L’intégration de la remise en question par Sharon de l’autorité palestinienne, dans la déclaration de Bush, relative au processus de paix risque d’instituer au Moyen-Orient « la guerre de religions », programmé par Sharon, en excluant de la scène palestinienne l’OLP, au profit des extrémistes[9]. Cette exclusion réfléchie des partenaires de la paix, en Palestine risquerait d’entraîner l’ensemble du Moyen-Orient dans une ère de convulsions imprévisibles. La prise en ligne de compte des effets attendus de ce scénario-catastrophe devrait inciter à plus de prudence, de la part de l’ensemble de la communauté internationale et d’abord des Américains, dont les intérêts dans cette aire géopolitique s’accommoderaient difficilement de cette montée des périls. Dans la nouvelle donne au Moyen-Orient, Israël cesse théoriquement d’être, l’allié exclusif, une sorte de « Porte-drapeau » des USA. Mais les analystes américains ne semblent pas encore avoir pris la juste mesure de la nouvelle carte géopolitique de la région: centres d’intérêts,  alliances, nouvelles lignes de démarcation et peut-être répartition des rôles, en conséquence. D’autre part, fait d’évidence, une humiliation des peuples du Machreq/Maghreb serait de lourde de conséquences pour tous.

 

Khalifa Chater

 

Etudes Internationales, n°83, 2/2002

 

Notes :

 

[1]- La rage et l’orgueil, Paris, Plon, 2002. Voir aussi les extraits du livre in Le Point,  n°1549, 24 mai 2002, pp. 58-67.

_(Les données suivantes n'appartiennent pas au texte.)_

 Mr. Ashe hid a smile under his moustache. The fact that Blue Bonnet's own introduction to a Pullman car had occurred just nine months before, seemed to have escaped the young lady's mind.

[2]  Philippe Grimbert, in Le Point, op. cit., p. 62

[3] - Voir ses “bloc-notes”, ibid., p. 130

[4] - Voir son article “Le brûlot d’Oriana Fallaci contre les fils d’Allah”, in le Monde du 30 mai 2002, p. 33.

[5] - Je souscrivant à ce diagnostic du romancier et chroniqueur Patrice Lelorain, Saccages, Editions du Rocher, Monaco, 2002, épitaphe, page de couverture

[6]  - Voir l’article d’Ystzhak Lagor, “L’après-Jenine”, in London Review Book. Nous avons eu connaissance de cet article, à l’occasion de sa republication, par Jeune-Afrique/l’Intelligent, n°2161 du 10-16 juin 2002, pp. 46-47. 

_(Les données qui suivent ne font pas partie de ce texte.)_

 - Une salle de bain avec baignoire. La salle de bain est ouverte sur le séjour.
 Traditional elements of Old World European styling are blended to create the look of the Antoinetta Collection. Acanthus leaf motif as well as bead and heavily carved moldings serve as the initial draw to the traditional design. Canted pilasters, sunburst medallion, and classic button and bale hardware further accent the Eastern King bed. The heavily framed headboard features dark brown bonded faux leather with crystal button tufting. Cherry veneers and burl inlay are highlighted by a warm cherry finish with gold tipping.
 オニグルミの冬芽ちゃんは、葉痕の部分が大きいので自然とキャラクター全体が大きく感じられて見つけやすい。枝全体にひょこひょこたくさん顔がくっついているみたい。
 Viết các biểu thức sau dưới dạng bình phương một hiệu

[7] - On a évoque la naissance d’une Sainte Alliance américano-russe à l’occasion de la rencontre Bush/potine, à Moscou, le 24 mai 2002. Ce rappel de la Sainte Alliance de triste mémoire qui a conduit la répression des mouvements d’émancipation, au profit des régimes absolus est significatif mais bien anachronique. Voir Le Monde du 27 mai 2002, p. 1.

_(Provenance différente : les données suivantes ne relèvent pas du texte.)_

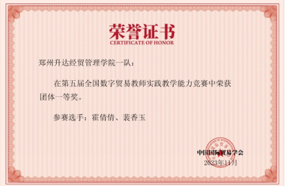 在本次比赛中,我院共24名学生组成6支队伍于2023年11月22日至24日参加“第九届OCALE全国跨境电商创新创业能力大赛(秋季赛)”,霍倩倩、白朋飞、叶宝银、马巧丽、刘玲芳、马绍华、裴香玉共7位教师担任竞赛指导教师,6支参赛队伍分别获得特等奖一名,一等奖四名,二等奖一名的佳绩。另外霍倩倩和裴香玉老师组成一支队伍于2023年11月25日至26日参加“第五届全国数字贸易教师实践教学能力竞赛”,获得一等奖。
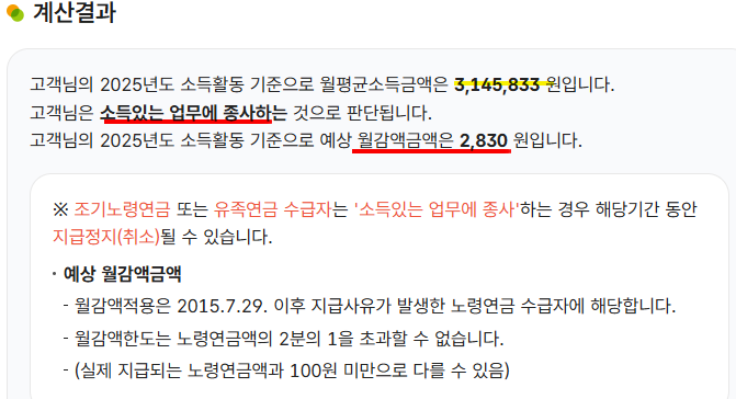 이 금액은 A값보다 낮기 때문에 연금은 전액 받을 수 있습니다. 이처럼 소득 공제를 반영해서 계산한 월 평균 소득이 기준이 됩니다.
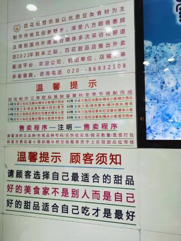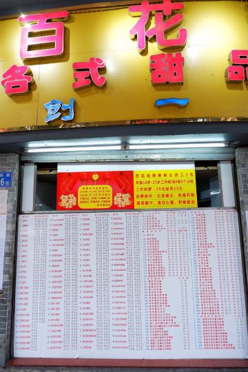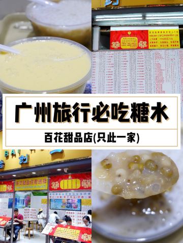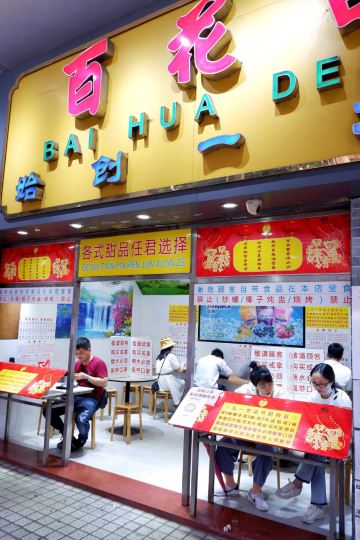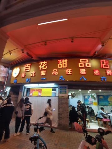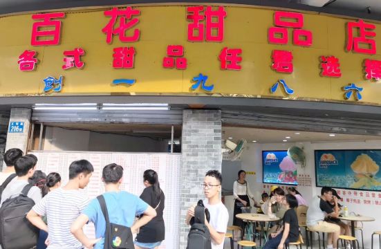 文明路算的上是糖水一条街,百花甜品和玫瑰甜品就是最出名的那两家。百花是开了快30年的老字号,一招一式都是老广州记忆中的味道。红豆沙柔软香甜,凤凰奶糊香浓馥郁,黑芝麻糊细腻稠滑,不同季节还会出不一样的三宝,还有各种奶糊,选择多多。
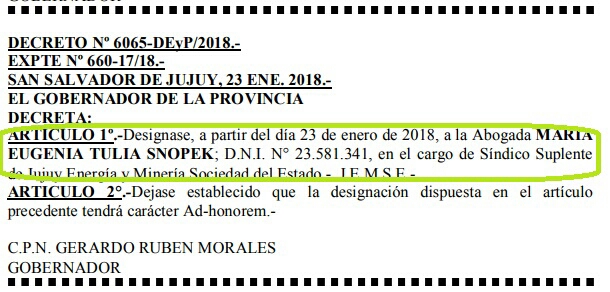 La de Gonzalo Agustín Morales, María Florencia Aguilar Cruells, fue designada en el cargo de Secretario de Primera Instancia en el Tribunal de Justicia jujeño el 24 de mayo de 2017.

[8] - Alexis Tadié, “Proche-Orient : une catastrophe programmée”, in Esprit, mai 2002, pp. 173-175. Voir particulièrement p. 173.

[9] - Jean Daniel affirme, dans son éditorial que “Bush a cédé sur Arafat, dont il ne veut plus parce que Sharon, pour des questions d’humeur n’en veut plus” (Le Nouvel Observateur n° 1964, 27 juin-3 juillet 2002, pp.26-27). L’analyse de Tadié nous paraît bien plus crédible car elle éclaire la portée stratégique d’une option réfléchie et dangereuse.